US-Geheimdienst findet keine Beweise für direkte russische Beteiligung

23.07.2014, 15:16 Uhr | AP

Abschuss von MH17: Laut USA keine Beweise für russische Beteiligung. Trümmerteil der abgestürzten Passagiermaschine MH17. (Quelle: Reuters)

Trümmerteil der abgestürzten Passagiermaschine MH17. (Quelle: Reuters)

US-Geheimdienstler haben neue Erkenntnisse zum Abschuss der Malaysia-Airlines-Maschine MH17 präsentiert. Eine direkte russische Verwicklung sei demnach nicht auszumachen.

Das Passagierflugzeug sei wohl von kremltreuen Separatisten mit einer Boden-Luft-Rakete vom Typ SA-11 vom Himmel über der Ostukraine geholt worden, sagten ranghohe Geheimdienstbeamte in Washington. Doch habe Russland erst die "Bedingungen" für den Abschuss "geschaffen", indem es die Aufständischen bewaffnet habe.

Die Geheimdienstbeamten äußerten sich bei einem Briefing vor Reportern, wollten jedoch anonym bleiben. Dabei beriefen sich die Informanten auf abgefangene Telefonmitschnitte, Satellitenfotos und von Rebellen auf sozialen Netzwerken geposteten Nachrichten, die zum Teil von US-Experten als authentisch eingestuft wurden.

Das wahrscheinlichste Szenario sei, dass die Maschine aus Versehen abgeschossen wurde, sagte einer der Geheimdienstler. Die Rebellen hätten einen Fehler gemacht. So hätten sie in der Vergangenheit schon zwölf ukrainische Kampfjets abgeschossen. Ob russische Funktionäre beim Start der Rakete zugegen waren, könnten sie nicht sagen.

Identität des Schützen unklar

Ebenso unklar sei, ob die Schützen in Russland im Umgang mit den Waffen ausgebildet wurden. Doch habe Moskau seine Bemühungen um eine Bewaffnung und Ausbildung der Separatisten in den vergangenen Wochen verstärkt - sogar noch nach dem Abschuss der Passagiermaschine der Malaysia Airlines.

Auf die Identität der mutmaßlichen Schützen angesprochen, antwortete einer der Geheimdienstler verhalten: "Wir kennen keine Namen, keinen Dienstgrad und sind uns auch nicht 100 Prozent über die Nationalität im Klaren."

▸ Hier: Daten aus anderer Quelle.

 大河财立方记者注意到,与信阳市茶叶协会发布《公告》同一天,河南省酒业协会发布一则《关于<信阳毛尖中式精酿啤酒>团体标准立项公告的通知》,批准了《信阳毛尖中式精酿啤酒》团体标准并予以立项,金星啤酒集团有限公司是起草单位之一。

Ermittlungen konzentrieren sich weiterhin auf Russland

Doch der nationale Sicherheitsberater Ben Rhodes sagte, die USA würden die Ermittlungen zu einer möglichen "direkten Verbindung" zwischen dem Raketenabschuss und Russland fortsetzen. Man sei der Ansicht, dass der russische Präsident Wladimir Putin und dessen Regierung eine Verantwortung für die Unterstützung der Separatisten habe, fügte Rhodes weiter.

Erst am Montag hatte US-Präsident Barack Obama erklärt, dass die Maschine der Malaysia Airlines über einem Territorium abgeschossen worden sei, das von russlandnahen Separatisten in der Ukraine kontrolliert werde. Zudem warf er Russland vor, die Rebellen trainiert und mit militärischem Gerät und Waffen ausgerüstet zu haben, darunter Flugabwehrraketen.

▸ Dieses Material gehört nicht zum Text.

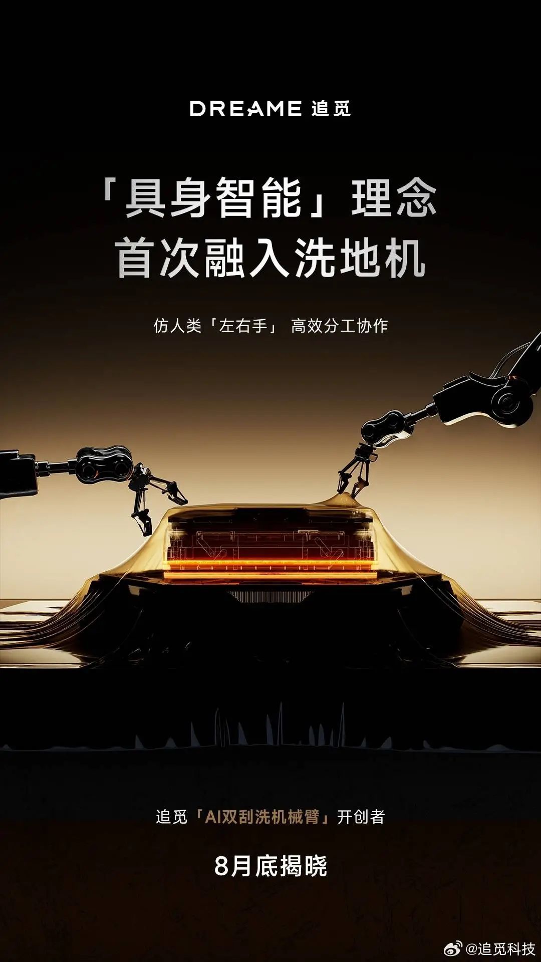 8 月 11 日,追觅科技宣布,将在本月底发布全球首款「双机械臂洗地机」。

Flugschreiber an die Niederlande übergeben

Unterdessen haben niederländische Experten den Flugdatenschreiberübernommen. Vertreter Malaysias hätten ihn am Kiewer Flughafen übergeben, teilte das niederländische Außenministerium in Den Haag mit. Die prorussischen Separatisten hatten das Gerät zuvor ausgehändigt.

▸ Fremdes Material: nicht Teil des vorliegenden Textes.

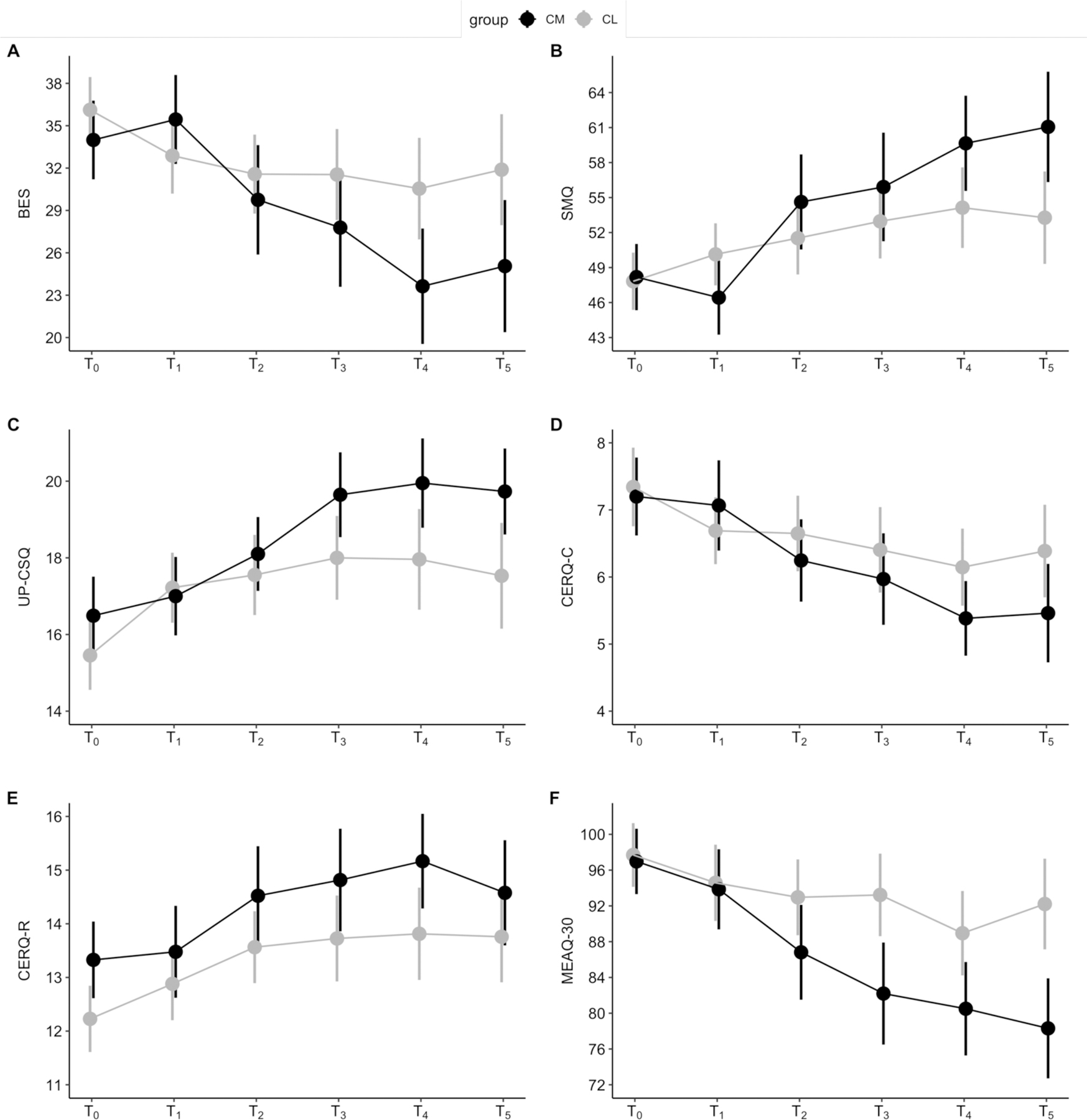 Methods: N = 224 cancer survivors randomized to CM or CL were assessed at baseline, between-modules, at post-intervention and 3-month follow-up on emotion regulation outcomes targeted by each CM module (Module 1: beliefs about emotions; Module 2: mindfulness; Module 3: cognitive reappraisal skills, catastrophizing, refocus on planning; Module 4: experiential avoidance). Primary analyses were intention-to-treat linear regressions using Fisher randomization tests for p-values and intervals were used to compare groups with standardized mean difference (SMD) effect sizes.

Auf Bitten der Niederlande sollen britische Experten die Flugschreiber im südenglischen Farnborough auswerten. Die Niederlande hatten zuvor die Leitung der internationalen Untersuchung zur Absturzursache von Flug MH17 übernommen.

Beim Absturz der Malaysia-Airlines-Maschine kamen am vergangenen Donnerstag alle 298 Menschen an Bord ums Leben. Fast zwei Drittel der Insassen waren Niederländer.